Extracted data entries

★ ★ ★

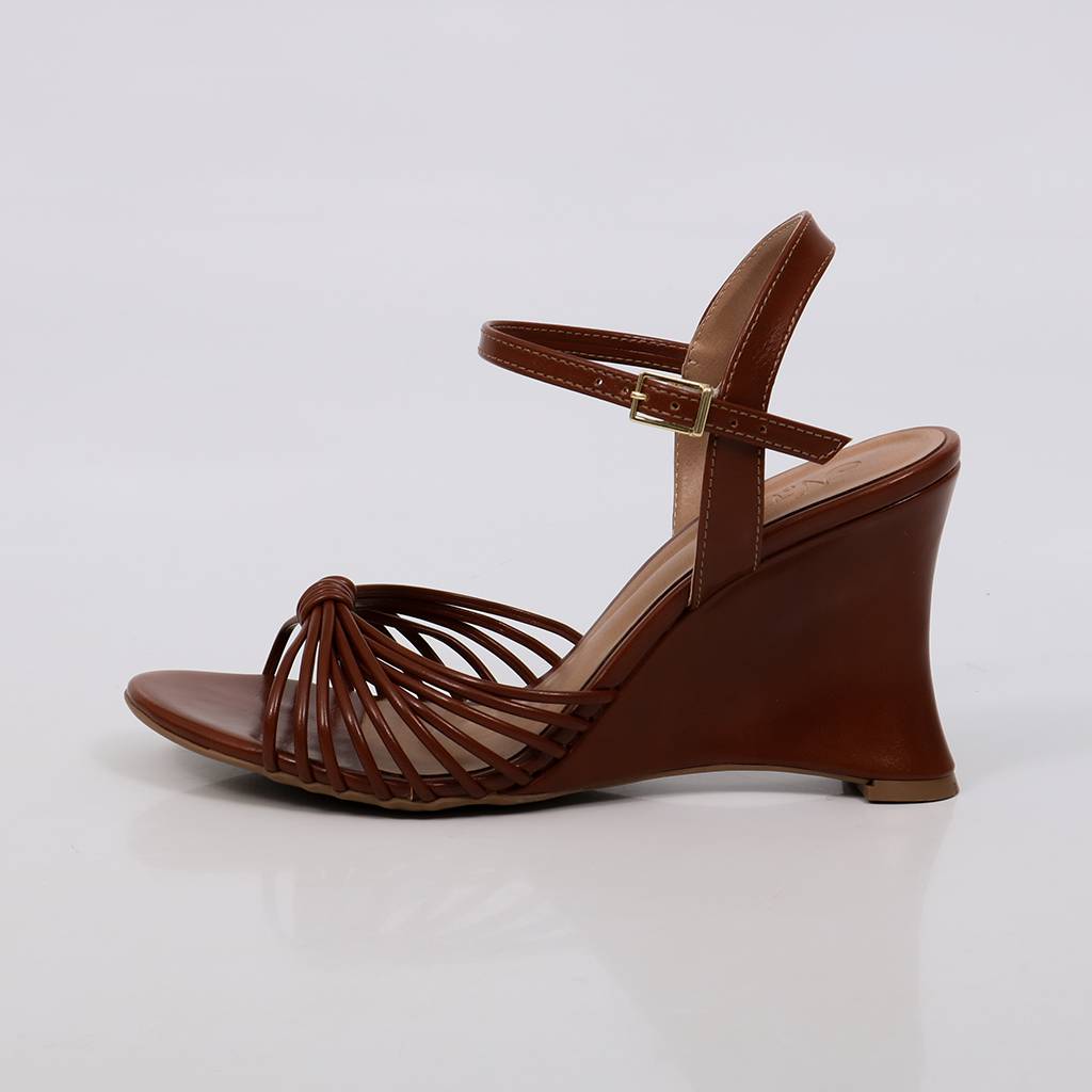 Marina – Sandália Feminina Salto Anabela Tiras Trançadas Marrom
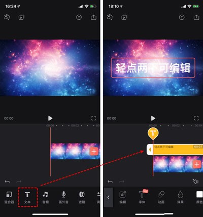 我们在主工具栏点击文本工具,就可以添加一层字幕的导轨。双击字幕层就可以输入我们想要的文字。颜色和字体样式,都是基本操作。但是不支持屏幕取色。
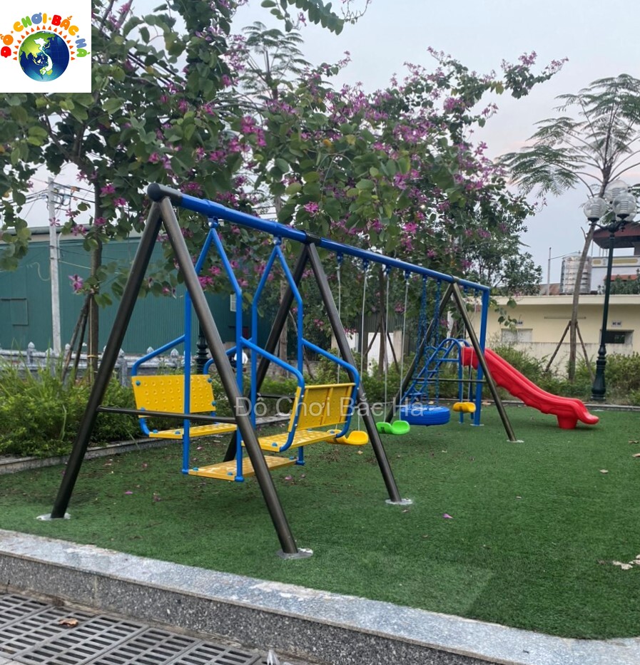 Bản mã chân xích đu Đường kính 20 dày 3mm . Được gắn cố định xuống nền bê tông bằng vít lở sắt loại M100*100mm Đảm bảo an toàn, chống lật cho trẻ khi chơi.
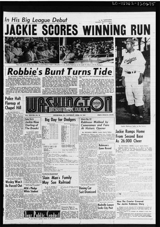 1947年4月19日《匹兹堡快递》的华盛顿版,杰基·罗宾逊在美国职业棒球大联盟打破种族隔离线几天后。快递专栏作家温德尔·史密斯将罗宾逊介绍给道奇队的布兰奇·里基。国会图书馆范恩以雇佣年轻大学毕业生为荣,他的招募者在当时一些最大的文化故事中发挥了重要作用。切斯特·华盛顿,一位匹兹堡本地人,范恩帮助他进入弗吉尼亚联合大学,他利用与拳击手乔·路易斯的幕后关系,将“棕色轰炸机”塑造成黑人心目中的英雄和白人心目中的同情冠军。体育专栏作家温德尔·史密斯,韦恩州立大学的校友,为职业棒球的融合而奋斗,随后将布鲁克林道奇队的总裁布兰奇·里基介绍给一位名叫杰基·罗宾逊的有前途的黑人联盟新秀。
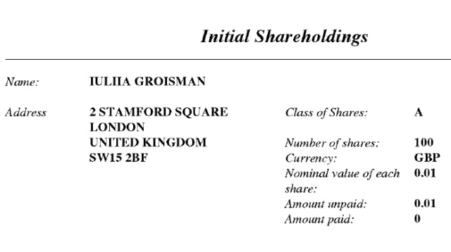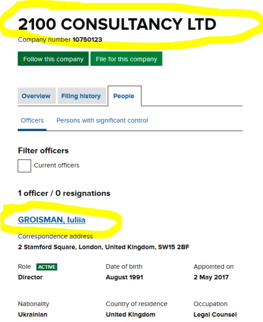 Донька українського прем'єр-міністра, який нещодавно розповів, що здобував вищу освіту заочно, бо рано створив сім'ю, Юлія Гройсман у травні 2017 зареєструвала у Лондоні власну фірму "2100 consultancy ltd". Згідно з даними британського реєстру "Companies House", Юлія Гройсман є директором і єдиним власником цієї фірми з уставним капіталом у розмірі 1 фунт стерлінгів, а сама фірма зареєстрована на Stamford Square, 2, SW15 2BF, повідомляють "Наші гроші".
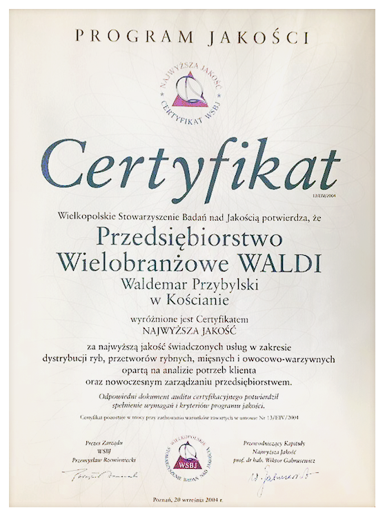 Poziom naszych dostaw został wielokrotnie doceniony przez prestiżowe, niezależne instytucje m.in. przez Wielkopolskie Stowarzyszenie Badań nad Jakością.
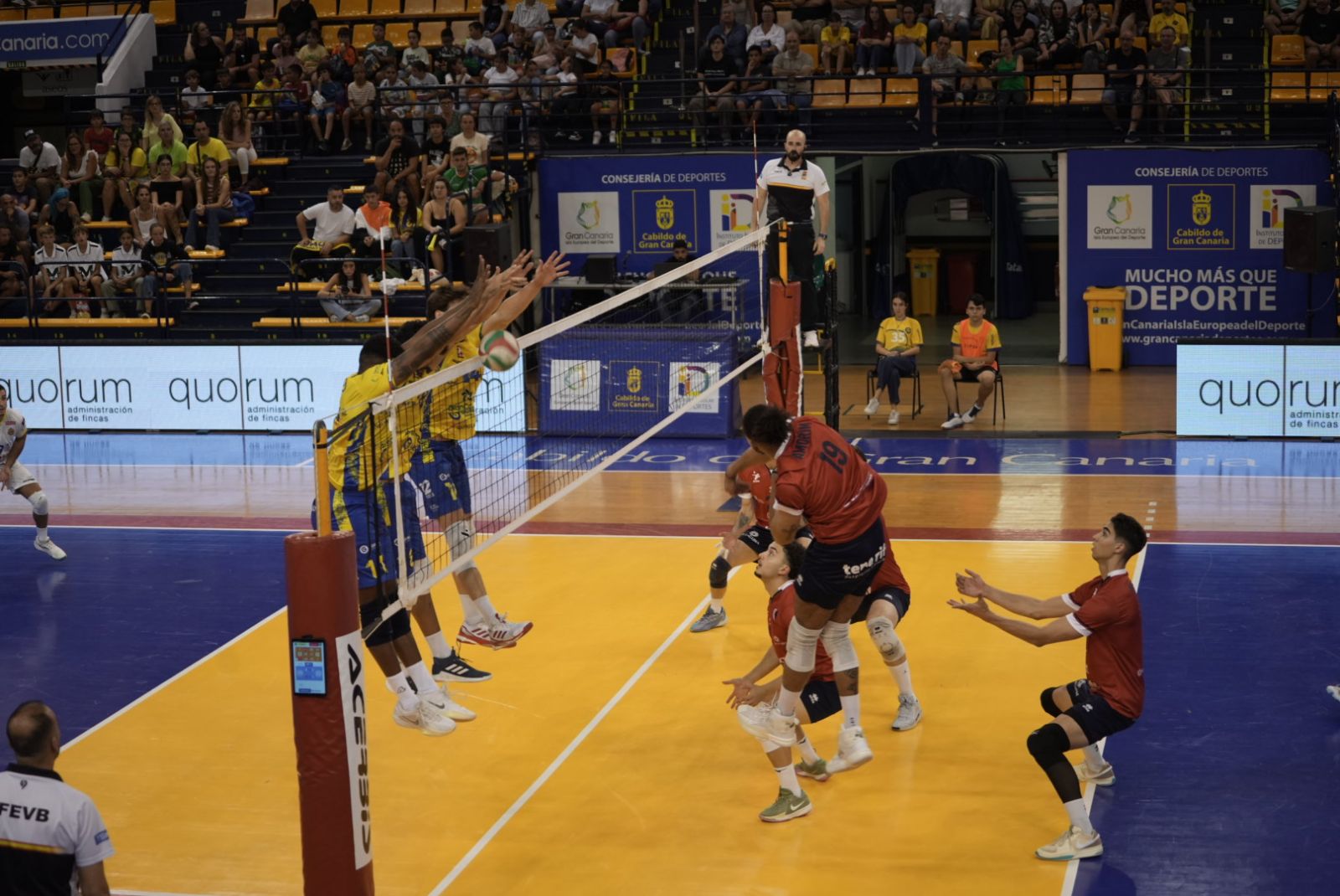 El conjunto grancanario cedió el primer set 21-25, pero luego superó al tinerfeño por 25-16, 25-15 y 25-18.
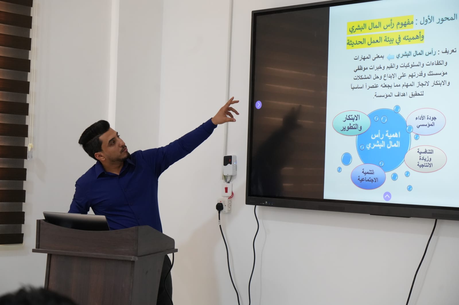 وجاءت الدورة التدريبية تحت عنوان "تطوير رأس المال البشري لمواكبة التغيرات التنظيمية المعاصرة"، واستمرت على مدى يومين متتاليين، حيث قدّم في اليوم الأول الدكتور حسين رزاق رشيح محاضرة تناولت تطوير القدرات البشرية وتعزيز الأداء المؤسسي، فيما ألقى في اليوم الثاني الأستاذ محمد عامر عيسى محاضرة ركّزت على التغيرات التنظيمية الحديثة وأساليب التكيّف معها في بيئة العمل الأكاديمي والإداري.

★ ★ ★

• **DESCRIPTION OF THE TASK**: All of the data above should be quoted exactly, except for the pictures.

• **COMPLETED EXERCISE**:
 Marina – Sandália Feminina Salto Anabela Tiras Trançadas Marrom
 我们在主工具栏点击文本工具,就可以添加一层字幕的导轨。双击字幕层就可以输入我们想要的文字。颜色和字体样式,都是基本操作。但是不支持屏幕取色。
 Bản mã chân xích đu Đường kính 20 dày 3mm . Được gắn cố định xuống nền bê tông bằng vít lở sắt loại M100*100mm Đảm bảo an toàn, chống lật cho trẻ khi chơi.
 1947年4月19日《匹兹堡快递》的华盛顿版,杰基·罗宾逊在美国职业棒球大联盟打破种族隔离线几天后。快递专栏作家温德尔·史密斯将罗宾逊介绍给道奇队的布兰奇·里基。国会图书馆范恩以雇佣年轻大学毕业生为荣,他的招募者在当时一些最大的文化故事中发挥了重要作用。切斯特·华盛顿,一位匹兹堡本地人,范恩帮助他进入弗吉尼亚联合大学,他利用与拳击手乔·路易斯的幕后关系,将“棕色轰炸机”塑造成黑人心目中的英雄和白人心目中的同情冠军。体育专栏作家温德尔·史密斯,韦恩州立大学的校友,为职业棒球的融合而奋斗,随后将布鲁克林道奇队的总裁布兰奇·里基介绍给一位名叫杰基·罗宾逊的有前途的黑人联盟新秀。
 Донька українського прем'єр-міністра, який нещодавно розповів, що здобував вищу освіту заочно, бо рано створив сім'ю, Юлія Гройсман у травні 2017 зареєструвала у Лондоні власну фірму "2100 consultancy ltd". Згідно з даними британського реєстру "Companies House", Юлія Гройсман є директором і єдиним власником цієї фірми з уставним капіталом у розмірі 1 фунт стерлінгів, а сама фірма зареєстрована на Stamford Square, 2, SW15 2BF, повідомляють "Наші гроші".
 Poziom naszych dostaw został wielokrotnie doceniony przez prestiżowe, niezależne instytucje m.in. przez Wielkopolskie Stowarzyszenie Badań nad Jakością.
 El conjunto grancanario cedió el primer set 21-25, pero luego superó al tinerfeño por 25-16, 25-15 y 25-18.
 وجاءت الدورة التدريبية تحت عنوان "تطوير رأس المال البشري لمواكبة التغيرات التنظيمية المعاصرة"، واستمرت على مدى يومين متتاليين، حيث قدّم في اليوم الأول الدكتور حسين رزاق رشيح محاضرة تناولت تطوير القدرات البشرية وتعزيز الأداء المؤسسي، فيما ألقى في اليوم الثاني الأستاذ محمد عامر عيسى محاضرة ركّزت على التغيرات التنظيمية الحديثة وأساليب التكيّف معها في بيئة العمل الأكاديمي والإداري.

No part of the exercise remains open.